Untuk sementara waktu pekerja yang mengalami asma bisa dipindahkan

ke bagian lain yang tidak ada debu tepung terigu. Misalnya ke bagian pengemasan atau administrasi. Setelah kondisi lingkungan kerjanya cukup bersih dan asmanya terkendali yang bersangkutan bisa kembali bekerja di bagian produksi.

Demikian tambahan dari saya. Mudah-mudahan cukup memberikan solusi untuk Bapak M di J.

Salam

dr.Lelitasari,MKK

Praktisi Kesehatan Kerja

zp8497586rq

Pertolongan Pertama Luka Bakar

Oleh : dr.Lelitasari,MKK

Beberapa tempat kerja memiliki potensi untuk terjadinya kecelakaan yang menimbulkan luka bakar, misalkan dipeleburan logam, pengelasan, juru masak, laboratorium, dll. Selalu antisipasi langkah-langkah pencegahan. Tetapi jika terjadi

kecelakaan ketahuilah bagaimana melakukan tindakan pertolongan pertamanya.

Luka bakar terdiri dari 3

derajat, yaitu :

derajat1Derajat 1, hanya mengenai lapisan paling luar kulit, tampak kemerahan, terasa nyeri dan akan sembuh sempurna dalam waktu 7 hari.

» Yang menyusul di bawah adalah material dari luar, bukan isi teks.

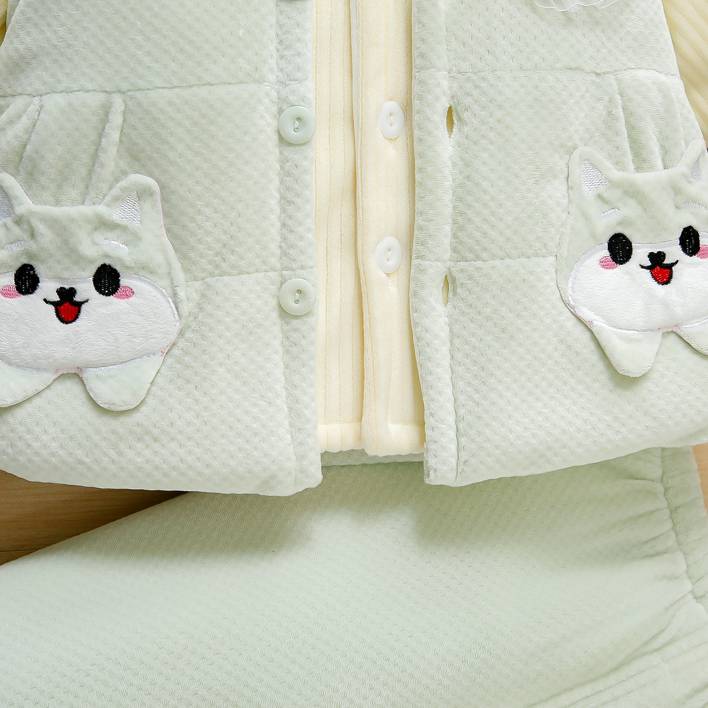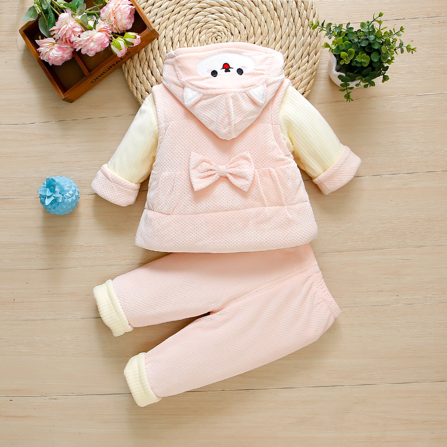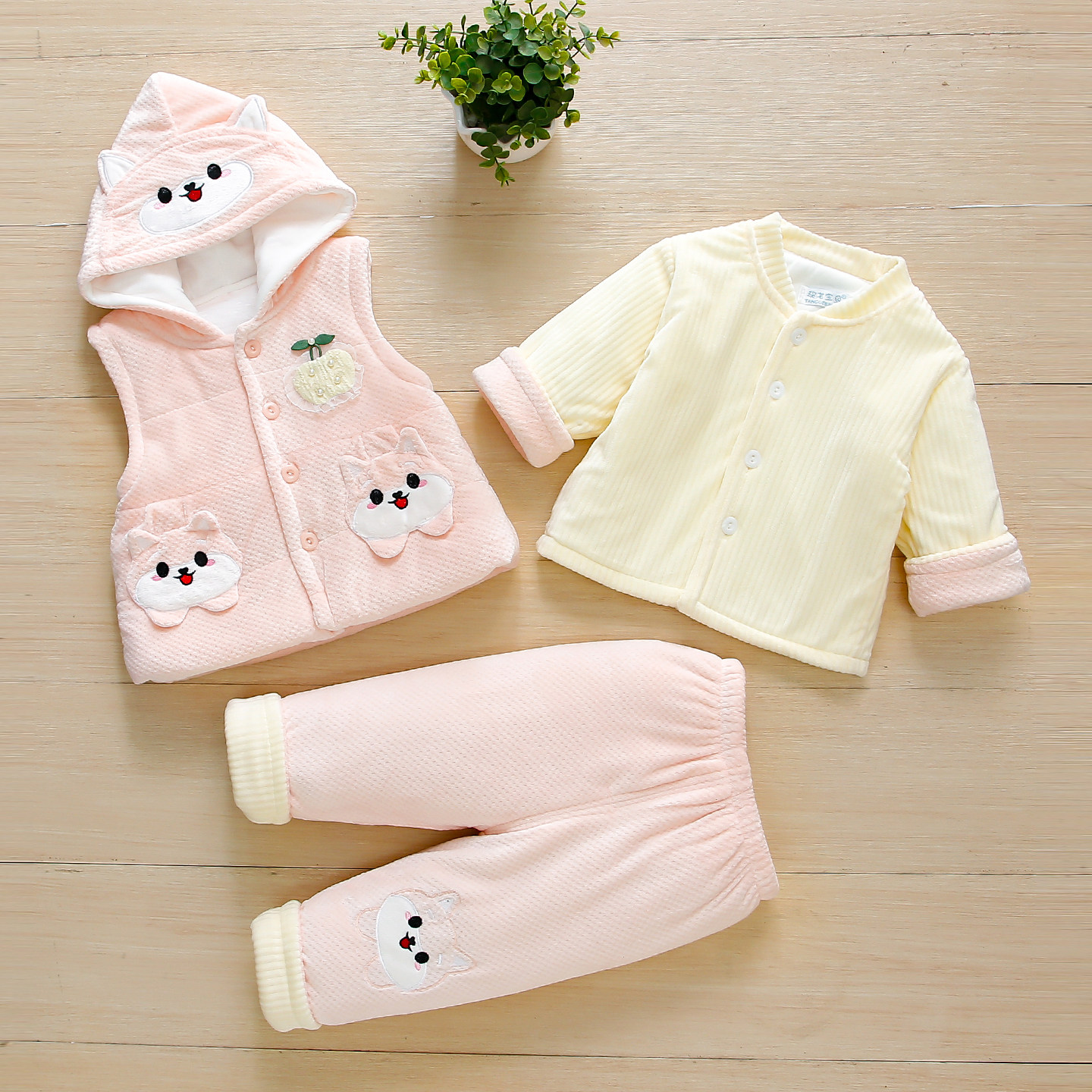 女宝宝春秋季夹棉三件套3-6个月婴儿冬装加厚0-1岁半保暖婴儿春装

derajat2Derajat 2, mengenai lapisan kulit lebih dalam, tampak kemerahan disertai lepuh, terasa nyeri dan akan sembuh sempurna dalam waktu 14-21 hari.

derajat3Derajat 3, luka bakar mencapai otot bahkan tulang, tampak hangus, kering, kehitaman, tidak ada ra

sa nyeri karena ujung-ujung saraf terbakar.

Untuk menghitung luas luka bakar bisa mengikuti Hukum 9 (Rules of nine) sbb :

 

persentase-luka-bakar

Langkah-langkah pertolongan pertama :

  1.  Segera jauhkan dari sumber panas
  2.  Guyur dengan air mengalir hingga nyeri hilang atau sekitar 5-10 menit
  3.  Segera tutup dengan penutup luka yang bersih/steril
  4. Rujuk ke Rumah sakit jika luka bakar mengenai wajah, jalan napas, dada,

    persendian, jari-jari, kemaluan atau berdasarkan luas luka bakar ikuti tabel berikut :

 

HINDARI !!!!

  • Mengoleskan pasta gigi, mentega, kecap, minyak rem, oli, bensin, dll diatas luka bakar. Karena akan menimbulkan infeksi dan menghambat proses penyembuhan luka bakar bahkan bisa menyebabkan keracunan
  •  Memecahkan lepuh karena akan memudahkan terjadinya infeksi dan dehidrasi.